*Problem*: Write out the data below in full, unchanged, minus the images.

*Data section*:
____
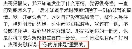 虽然医生指该手术不会影响怀孕,但对她仍是一个打击,幸好还有丈夫张杰的包容和呵护,让她不至于对怀孕失去信心。
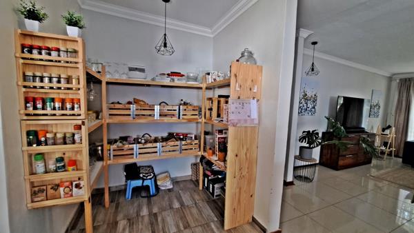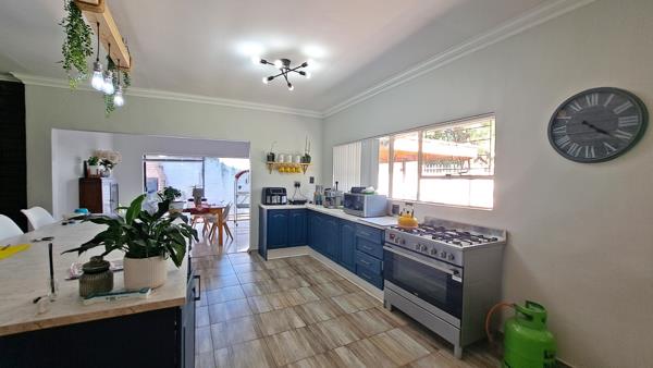 The kitchen is both stylish and functional, featuring generous built-in cupboards, a pantry, gas stove, breakfast nook, and a separate scullery and laundry area to keep the heart of the home neat and organized.
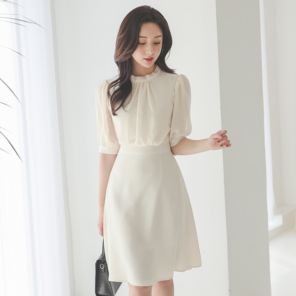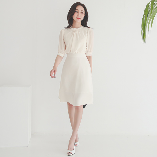 ハイネック シフォン フレア ワンピース
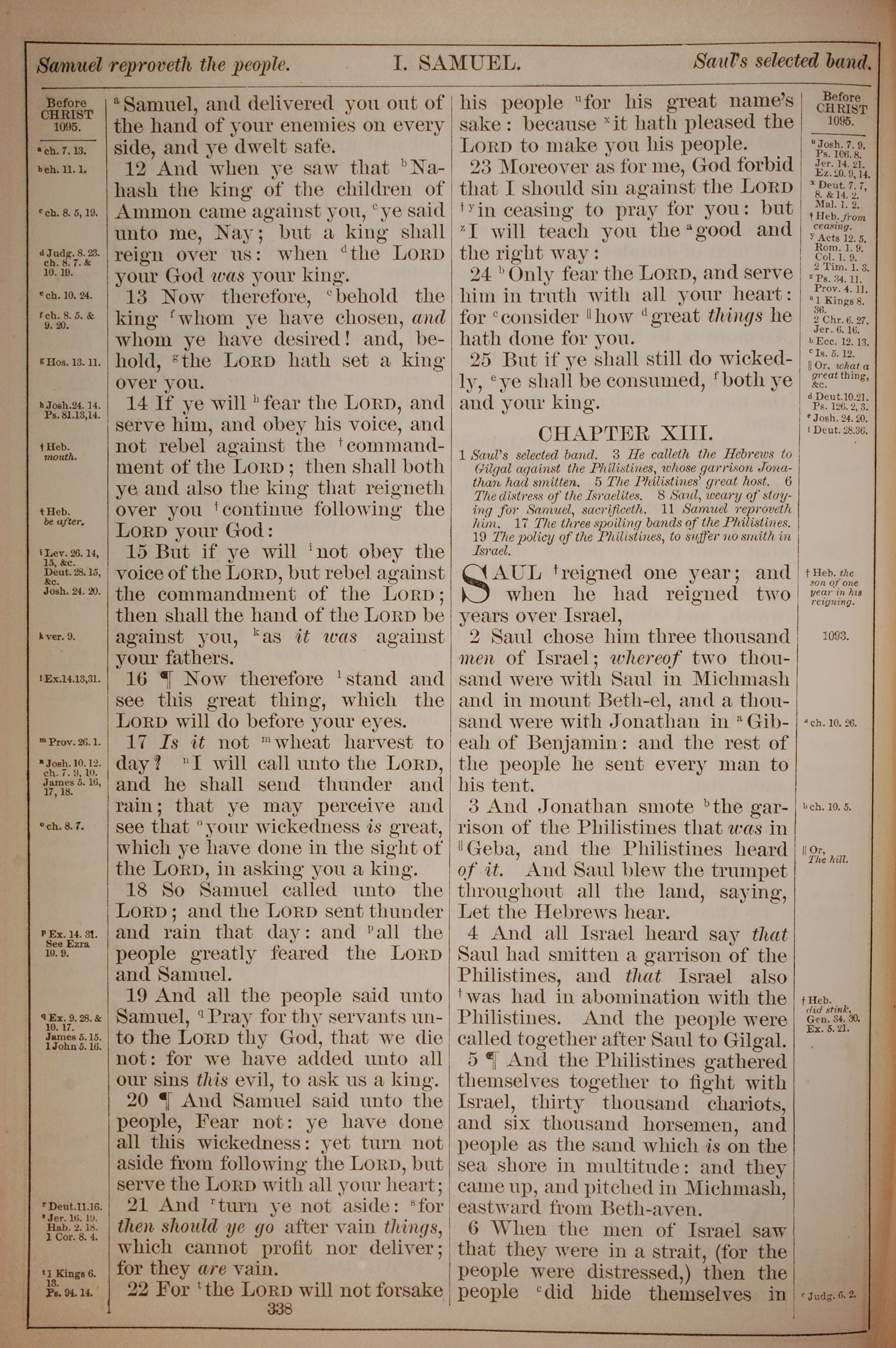 1882年Holy Bible 撒母耳记上 12 章 12 节到 13 章 6 节
____
*Result for this exercise*:
 虽然医生指该手术不会影响怀孕,但对她仍是一个打击,幸好还有丈夫张杰的包容和呵护,让她不至于对怀孕失去信心。
 The kitchen is both stylish and functional, featuring generous built-in cupboards, a pantry, gas stove, breakfast nook, and a separate scullery and laundry area to keep the heart of the home neat and organized.
 ハイネック シフォン フレア ワンピース
 1882年Holy Bible 撒母耳记上 12 章 12 节到 13 章 6 节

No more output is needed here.